PROVIDED MATERIAL:
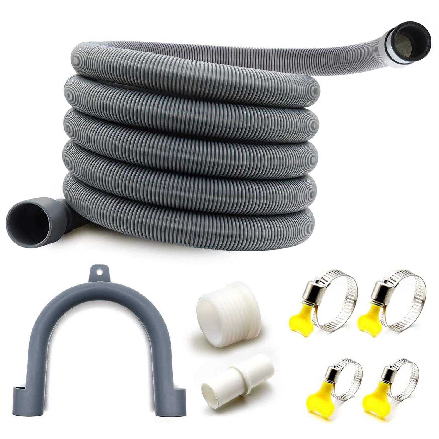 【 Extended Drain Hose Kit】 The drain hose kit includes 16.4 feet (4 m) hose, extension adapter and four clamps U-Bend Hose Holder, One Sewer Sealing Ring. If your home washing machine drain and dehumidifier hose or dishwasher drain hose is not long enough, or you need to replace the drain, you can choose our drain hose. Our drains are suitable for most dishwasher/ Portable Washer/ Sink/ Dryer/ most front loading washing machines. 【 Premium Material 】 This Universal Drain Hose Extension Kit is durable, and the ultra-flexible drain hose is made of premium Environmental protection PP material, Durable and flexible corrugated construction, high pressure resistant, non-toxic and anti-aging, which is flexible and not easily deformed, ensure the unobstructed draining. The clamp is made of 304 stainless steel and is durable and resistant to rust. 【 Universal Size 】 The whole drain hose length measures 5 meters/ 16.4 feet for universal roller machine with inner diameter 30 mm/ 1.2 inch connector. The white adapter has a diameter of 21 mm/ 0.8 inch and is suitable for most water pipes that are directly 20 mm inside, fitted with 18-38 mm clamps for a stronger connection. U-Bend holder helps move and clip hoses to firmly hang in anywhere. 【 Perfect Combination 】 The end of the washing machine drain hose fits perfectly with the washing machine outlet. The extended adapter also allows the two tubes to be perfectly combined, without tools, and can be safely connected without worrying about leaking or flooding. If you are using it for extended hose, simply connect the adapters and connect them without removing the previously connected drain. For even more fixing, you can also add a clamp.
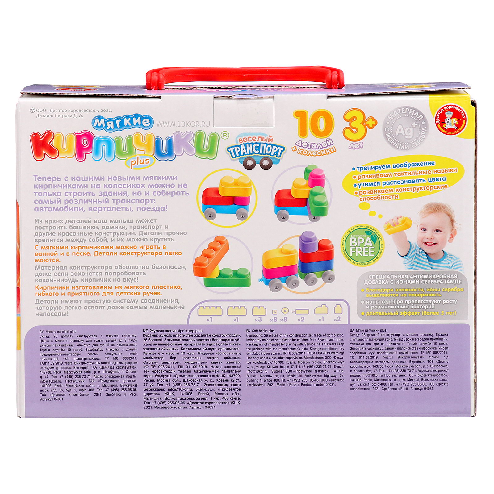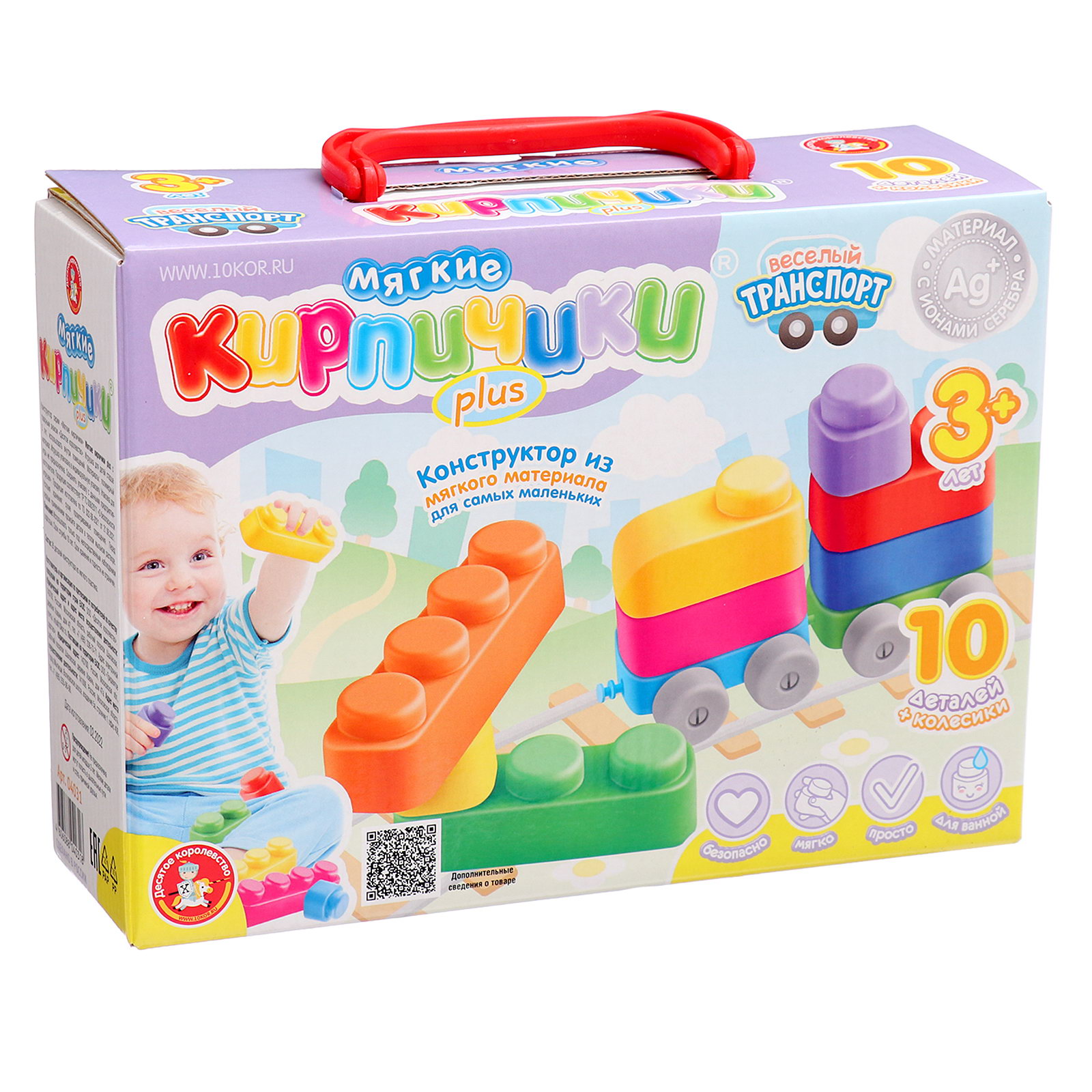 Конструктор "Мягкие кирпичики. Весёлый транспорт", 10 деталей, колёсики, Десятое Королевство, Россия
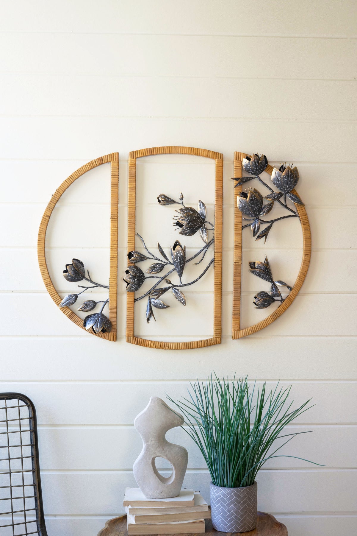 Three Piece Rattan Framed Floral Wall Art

PROBLEM DESCRIPTION:
Send back the listing exactly as it stands. Do not include the pictures.

WRITTEN ANSWER:
 【 Extended Drain Hose Kit】 The drain hose kit includes 16.4 feet (4 m) hose, extension adapter and four clamps U-Bend Hose Holder, One Sewer Sealing Ring. If your home washing machine drain and dehumidifier hose or dishwasher drain hose is not long enough, or you need to replace the drain, you can choose our drain hose. Our drains are suitable for most dishwasher/ Portable Washer/ Sink/ Dryer/ most front loading washing machines. 【 Premium Material 】 This Universal Drain Hose Extension Kit is durable, and the ultra-flexible drain hose is made of premium Environmental protection PP material, Durable and flexible corrugated construction, high pressure resistant, non-toxic and anti-aging, which is flexible and not easily deformed, ensure the unobstructed draining. The clamp is made of 304 stainless steel and is durable and resistant to rust. 【 Universal Size 】 The whole drain hose length measures 5 meters/ 16.4 feet for universal roller machine with inner diameter 30 mm/ 1.2 inch connector. The white adapter has a diameter of 21 mm/ 0.8 inch and is suitable for most water pipes that are directly 20 mm inside, fitted with 18-38 mm clamps for a stronger connection. U-Bend holder helps move and clip hoses to firmly hang in anywhere. 【 Perfect Combination 】 The end of the washing machine drain hose fits perfectly with the washing machine outlet. The extended adapter also allows the two tubes to be perfectly combined, without tools, and can be safely connected without worrying about leaking or flooding. If you are using it for extended hose, simply connect the adapters and connect them without removing the previously connected drain. For even more fixing, you can also add a clamp.
 Конструктор "Мягкие кирпичики. Весёлый транспорт", 10 деталей, колёсики, Десятое Королевство, Россия
 Three Piece Rattan Framed Floral Wall Art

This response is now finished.